Exercise instructions:
Beginning at the first line of the material, output each line exactly until you reach and include the line containing "三、消費市場 1-4月,我市完成社會消費品零售總額54.96億元,同比增長2.5%。 圖二". Leave every picture out.

Start of Extracted records

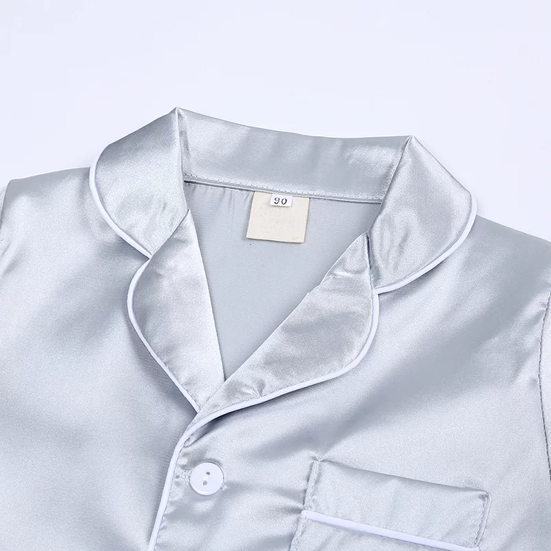 Custom Logo Satin Kids’ Pajamas Set Multiple Colors Available
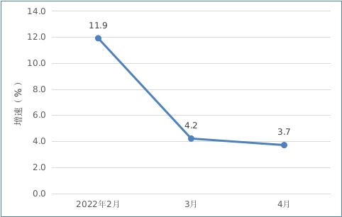 2022年2月以來我市規模以上工業增加值情況 二、投資 1-4月,全市完成固定資產投資同比下降2.9%。從分經濟類型看,國有投資增長49.3%;民間投資下降2.6%。分產業看,第一產業投資下降18.7%;第二產業投資增長8.9%,其中工業投資增長8.9%;第三產業投資下降9.8%,其中房地產投資下降28.4%。 三、消費市場 1-4月,我市完成社會消費品零售總額54.96億元,同比增長2.5%。 圖二
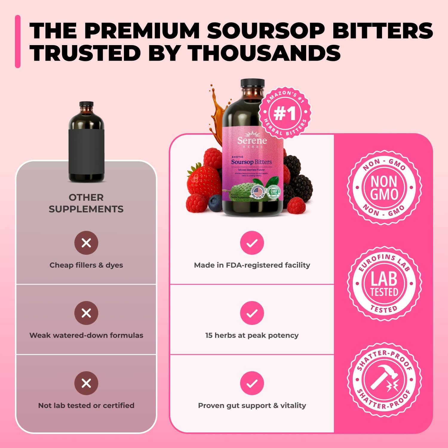 Look, there are tons of supplements making big promises. But Serene Herbs Soursop Bitters stands out because:
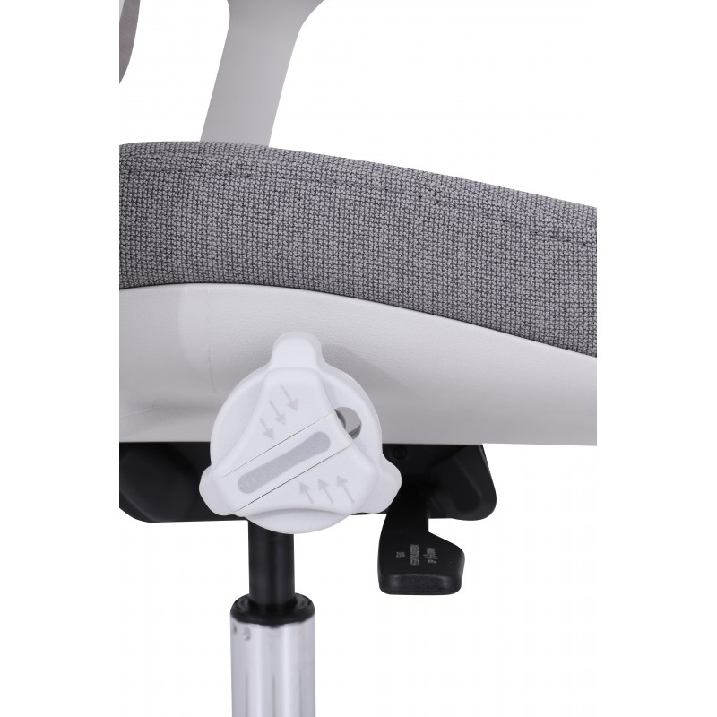 Siedzisko fotela zostało zaprojektowane tak, aby zapewniać komfort nawet przy wielogodzinnej pracy. Możliwość regulacji twardości centralnej części siedziska za pomocą estetycznego pokrętła pozwala dostosować stopień sprężystości do Twoich preferencji – to rozwiązanie rzadko spotykane w standardowych fotelach biurowych.
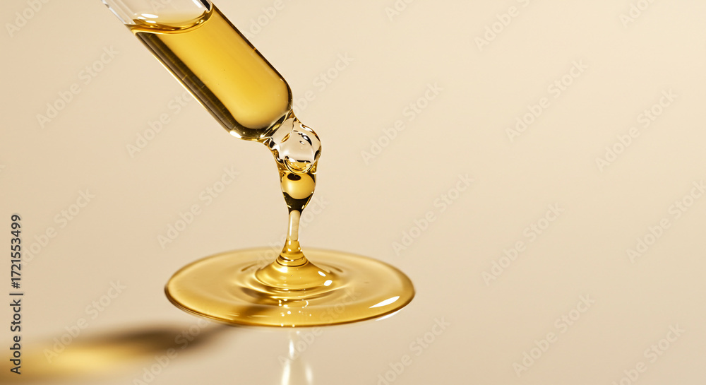 Luxurious golden serum dripping from pipette for skincare ads, showcasing natural beauty products and their hydrating benefits for radiant skin #1721553499
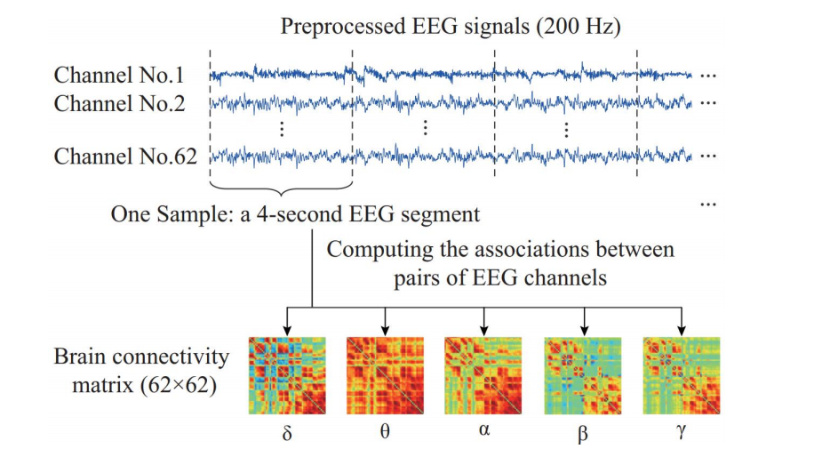 1. 먼저 EEG signal data를 주파수 대역대(알파, 델타, 베타, 세타, 감마)로 나누어 4초 간격으로 잘라서, 64x64 의 Dynamic Brain connectivity Metrics 를 형성한다. (connectivity Metrics 란 네트워크 Metrics로, 각 채널을 vertex로 두고 신호와 신호의 상관(연결)관계를 나타내는 Metrics이다.) 이렇게 하면 결과적으로 5 종류의 64x64 Metrics 여러 장을 얻게 된다.
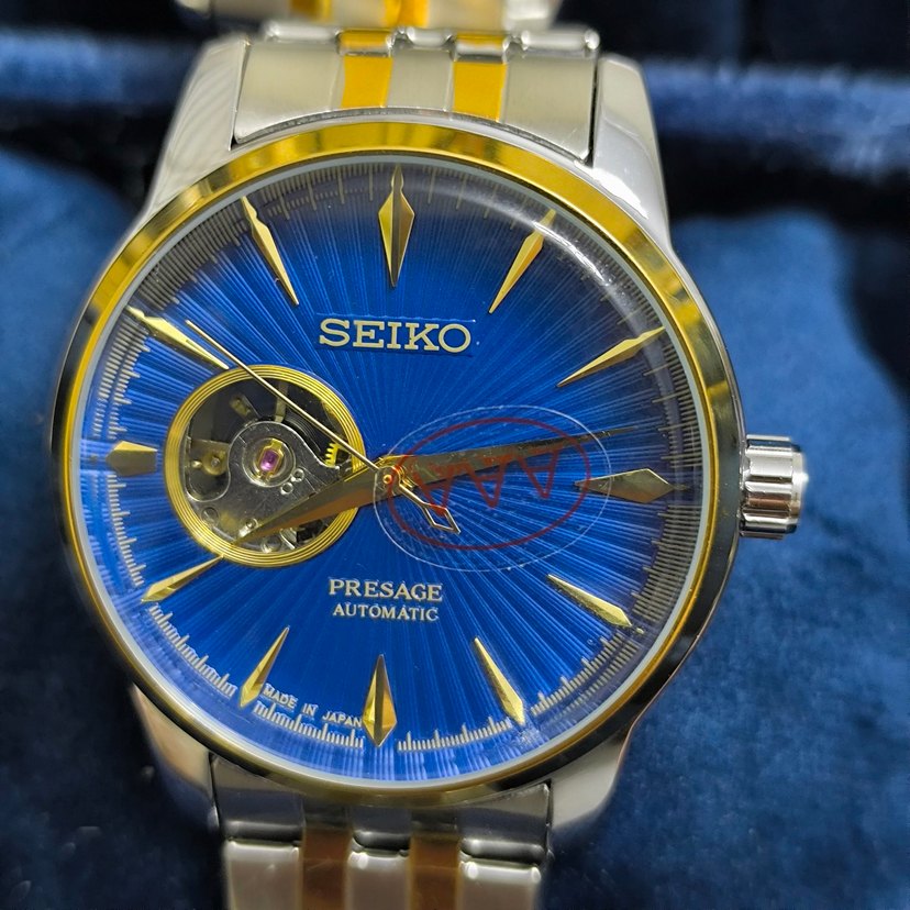 Seiko Presage otomatik erkek saati, renkli mavi kadran ve altın detaylarla klasik tarzı hassas işçilikle buluşturuyor. ⌚AAA KALİTE kinetik enerji yani hareket ile çalışır aynı zamanda kurmalı olarak ta çalışır çelik kasa solmaz kararmazdir birinci kalite dır su geçirmez transparan arka kapak otomatik tır

End of Extracted records

Expected output:
 Custom Logo Satin Kids’ Pajamas Set Multiple Colors Available
 2022年2月以來我市規模以上工業增加值情況 二、投資 1-4月,全市完成固定資產投資同比下降2.9%。從分經濟類型看,國有投資增長49.3%;民間投資下降2.6%。分產業看,第一產業投資下降18.7%;第二產業投資增長8.9%,其中工業投資增長8.9%;第三產業投資下降9.8%,其中房地產投資下降28.4%。 三、消費市場 1-4月,我市完成社會消費品零售總額54.96億元,同比增長2.5%。 圖二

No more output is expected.